### WHAT THE TASK REQUIRES
The records that follow are to be given again exactly. Do not carry over any image.

(Stored items)
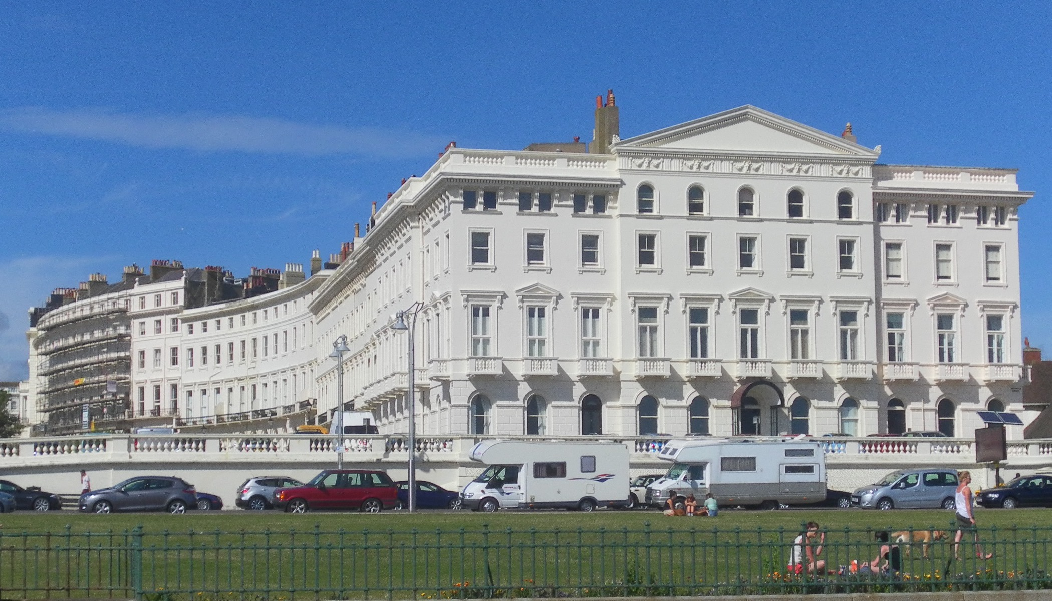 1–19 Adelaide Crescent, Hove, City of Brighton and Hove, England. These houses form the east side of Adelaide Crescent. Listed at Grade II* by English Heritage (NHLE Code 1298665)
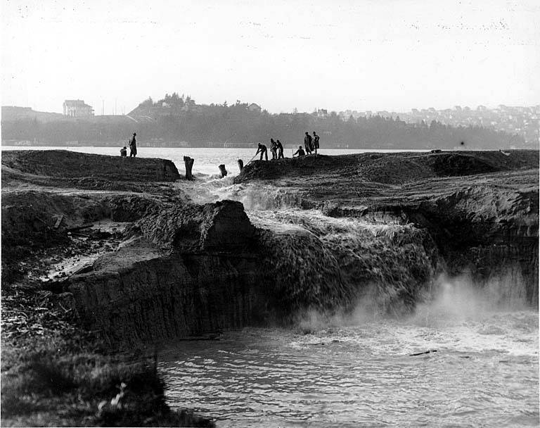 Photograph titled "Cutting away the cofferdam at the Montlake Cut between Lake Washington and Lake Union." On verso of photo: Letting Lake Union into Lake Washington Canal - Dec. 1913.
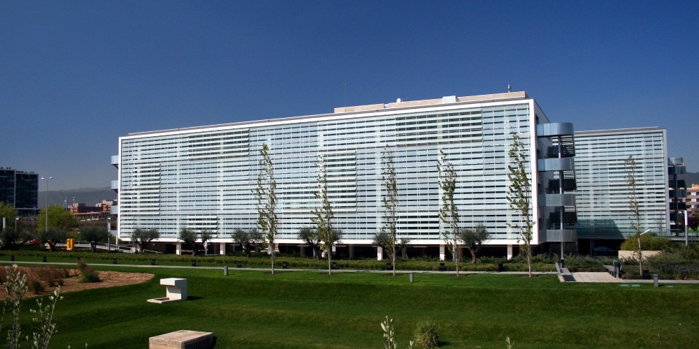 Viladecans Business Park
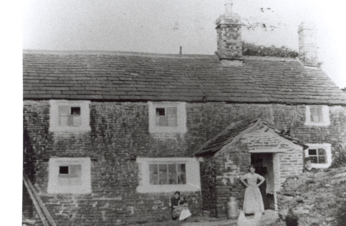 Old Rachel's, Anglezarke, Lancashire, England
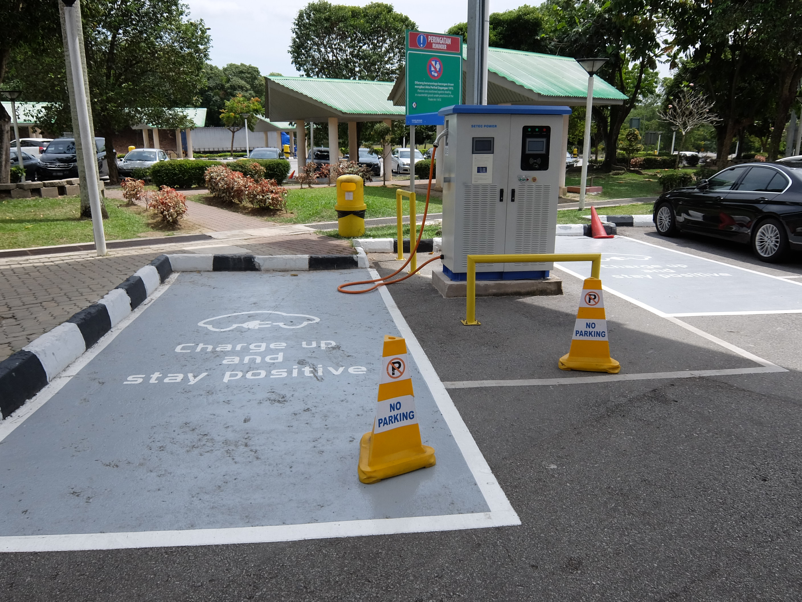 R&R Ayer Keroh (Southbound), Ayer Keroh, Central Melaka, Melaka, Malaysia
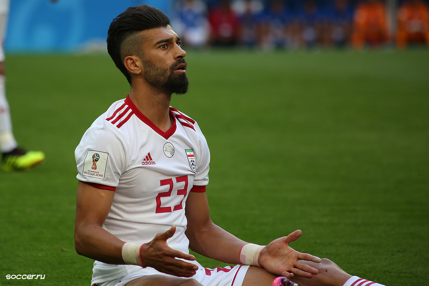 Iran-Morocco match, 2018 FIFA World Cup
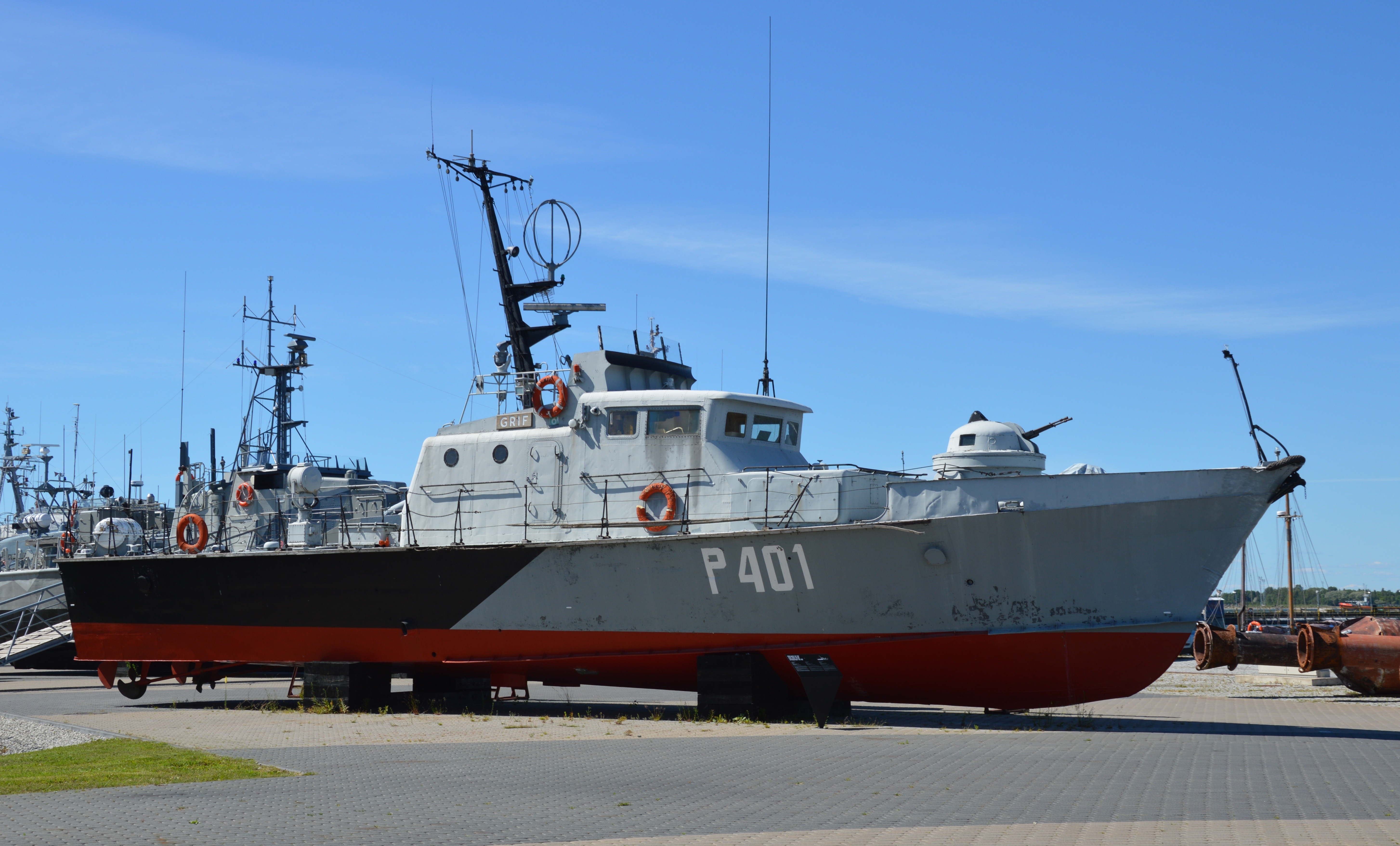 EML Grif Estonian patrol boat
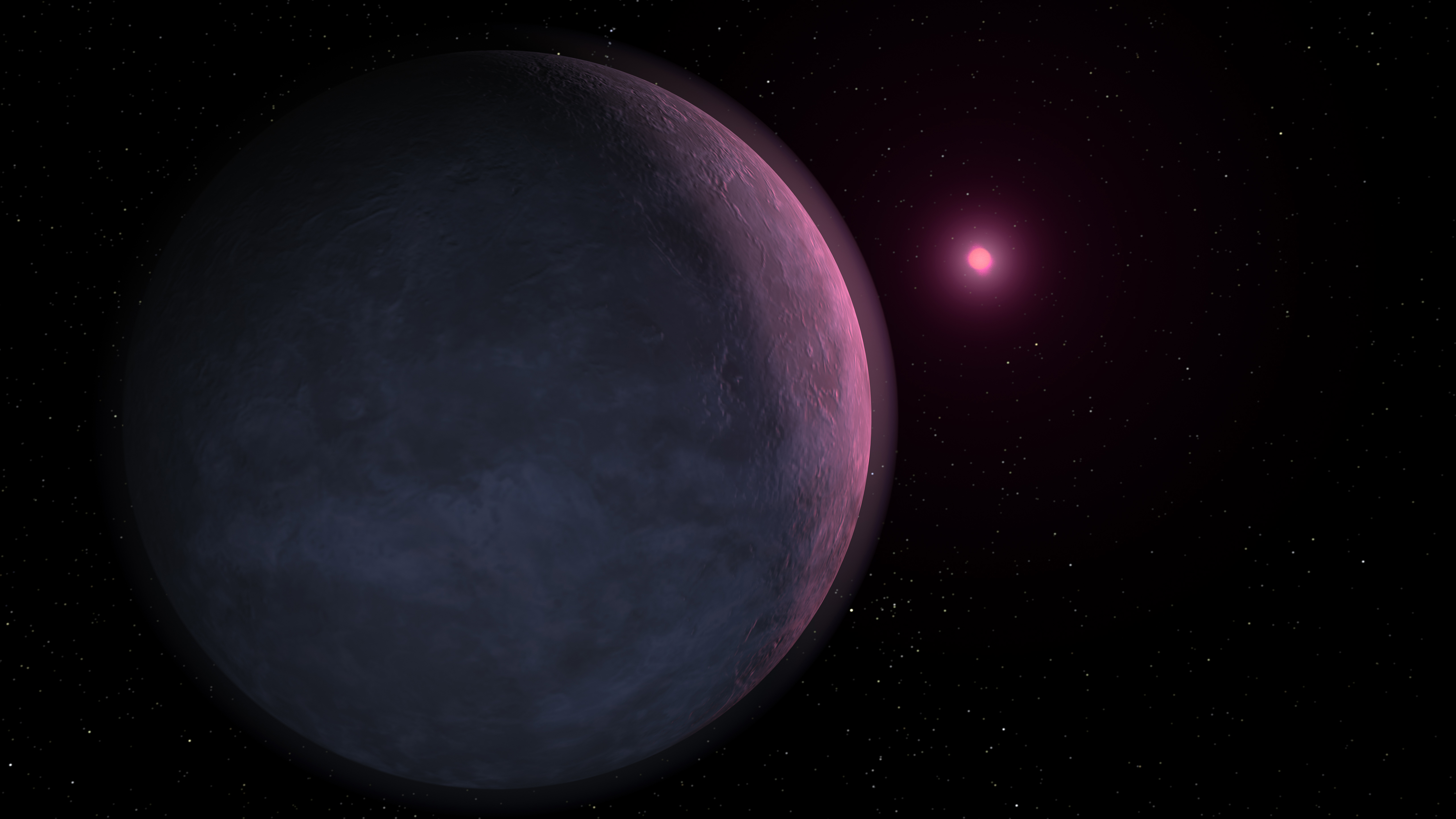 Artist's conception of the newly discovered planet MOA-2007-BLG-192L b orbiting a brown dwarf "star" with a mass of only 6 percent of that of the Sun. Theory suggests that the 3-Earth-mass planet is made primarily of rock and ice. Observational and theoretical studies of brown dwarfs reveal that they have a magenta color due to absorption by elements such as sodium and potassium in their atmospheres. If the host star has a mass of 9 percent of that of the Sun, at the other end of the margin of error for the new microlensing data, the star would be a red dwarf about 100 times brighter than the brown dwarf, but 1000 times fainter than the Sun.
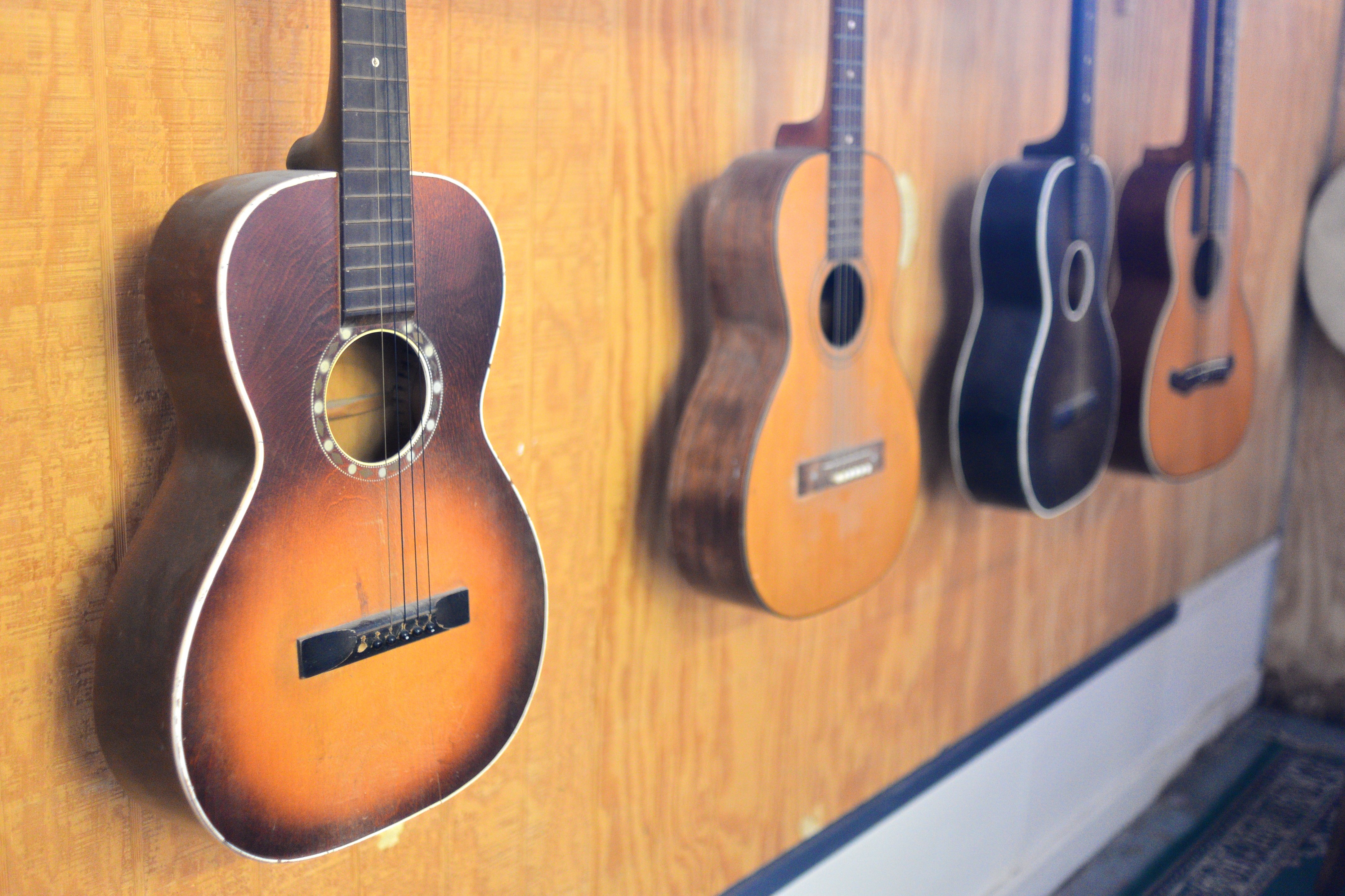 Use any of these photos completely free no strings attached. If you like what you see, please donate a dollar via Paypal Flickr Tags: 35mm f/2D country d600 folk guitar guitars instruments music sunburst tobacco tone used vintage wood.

### WRITTEN SOLUTION
 1–19 Adelaide Crescent, Hove, City of Brighton and Hove, England. These houses form the east side of Adelaide Crescent. Listed at Grade II* by English Heritage (NHLE Code 1298665)
 Photograph titled "Cutting away the cofferdam at the Montlake Cut between Lake Washington and Lake Union." On verso of photo: Letting Lake Union into Lake Washington Canal - Dec. 1913.
 Viladecans Business Park
 Old Rachel's, Anglezarke, Lancashire, England
 R&R Ayer Keroh (Southbound), Ayer Keroh, Central Melaka, Melaka, Malaysia
 Iran-Morocco match, 2018 FIFA World Cup
 EML Grif Estonian patrol boat
 Artist's conception of the newly discovered planet MOA-2007-BLG-192L b orbiting a brown dwarf "star" with a mass of only 6 percent of that of the Sun. Theory suggests that the 3-Earth-mass planet is made primarily of rock and ice. Observational and theoretical studies of brown dwarfs reveal that they have a magenta color due to absorption by elements such as sodium and potassium in their atmospheres. If the host star has a mass of 9 percent of that of the Sun, at the other end of the margin of error for the new microlensing data, the star would be a red dwarf about 100 times brighter than the brown dwarf, but 1000 times fainter than the Sun.
 Use any of these photos completely free no strings attached. If you like what you see, please donate a dollar via Paypal Flickr Tags: 35mm f/2D country d600 folk guitar guitars instruments music sunburst tobacco tone used vintage wood.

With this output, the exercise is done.